The second argument should be one of train/dev/eval to indicate what part of the data it represents. The third and fourth arguments represent the offset indices into the Posts.xml file; from which post to which post. The last two arguments are either true or false and indicate if (1) the frequency_map.json file should be used in tagging and (2) if language IDs should be recorded in the output files.

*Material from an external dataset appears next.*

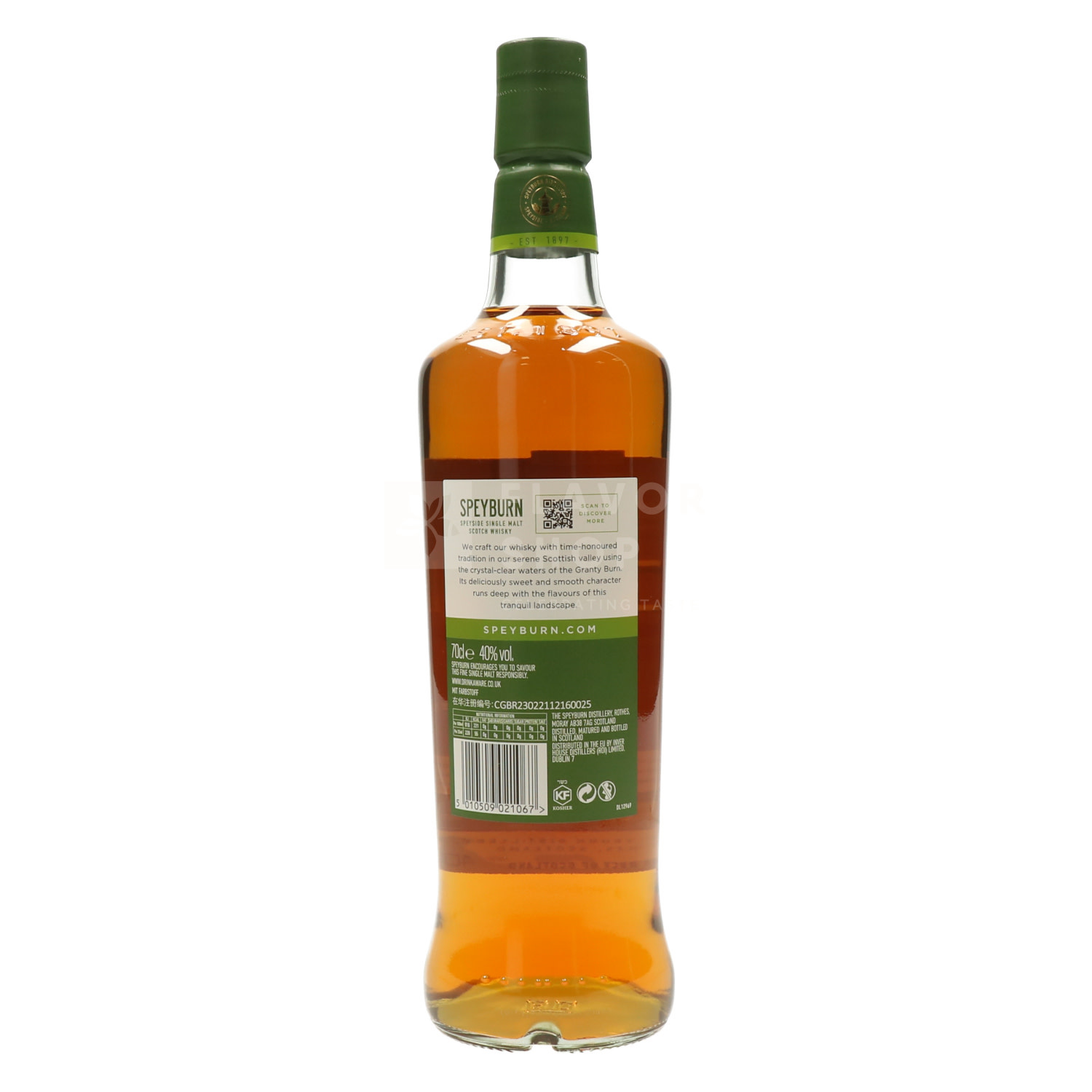 Le single malt Speyburn 10 ans d'âge est élevé dans une combinaison d'anciens fûts de bourbon et d'ex-sherry de chêne américain. COULEUR : Or pâle aux reflets ambrés. NEZ : Frais, net avec une pointe de citron. GOÛT : Corps moyen avec des notes de caramel anglais et de caramel au beurre et une finale longue et douce. Un favori mondial. Le Speyburn 10 ans plaît toujours au public.

After generating the train/dev/eval.txt files, one should also generate the dictionary files needed to convert to and from integers. This can be done as such:

$ python src/preprocessor/generaty_vocabulary.py <corpus name> <language id?>

For the CodeComment corpus, please use the zip: data/corpora/lucid.zip (also available here). To generate the training data, please use the lucid scripts under src/preprocessor. For example:

     Convert from .lucid json to .txt ------v
[../posit] $ python src/preprocessor/lucid_reader.py ./data/corpora/lucid false
                                     corpus location (unzipped) --^           ^--- Use Language IDs?
                                            v--------- Consolidate the txt file into train, dev and eval
[../posit] $ python src/preprocessor/lucid_preprocessor.py ./data/corpora/lucid false
                                           corpus location (unzipped) --^           ^--- Use Language IDs?
               Generate vocabulary files ------v
[../posit] $ python src/preprocessor/generate_vocabulary.py lucid false
                            corpus name (under data/corpora) --^      ^--- Use Language IDs?

A convenience zip is provided under: data/corpora/SO_n_Lucid_Id.zip and here.

Running the BiLSTM model

To run the model, make sure that the necessary train/dev/eval.txt files have been generated with the pre-processor scripts and update ./src/tagger/config.py to point to them. Once that is done, simply run:

$ python src/train.py

Similarly evaluate.py can be run after a training session, but then as a cli argument the location of the model.weights folder needs to be provided:

$ python src/evaluate.py ./<path to model.weights>/<uuid>/model.weights>

The path to model.weights is usually under results/test/<corpus Name>/

Similarly to evaluate.py, process.py can be run; however, it requires a further argument:

$ python src/process.py ./<path to model.weights> ./<path to data to process>

For example, to run an evaluation on the trained weights provided with this repository, run:

$ python src/evaluate.py ./results/test/SO_Freq_Id/7dec5e7f-9c9b-4e7b-a52a-cdb6183f83de_with_crf_with_chars_with_features_epochs_30_dropout_0.500_batch_16_opt_rmsprop_lr_0.0100_lrdecay_0.9500/model.weights

The script should automatically match the hyper-parameters based on the <model_path>/config.json file. Should that fail, manually copying them over to ./src/tagger/config.py should solve the issue.

Model input/output format

The BiLSTM model expects a free-form textual input that it first segments by sentence and then tokenises it with one remark: the interactive prompt after an evaluation (as performed by evaluate.py) expects input as a sentence at a time.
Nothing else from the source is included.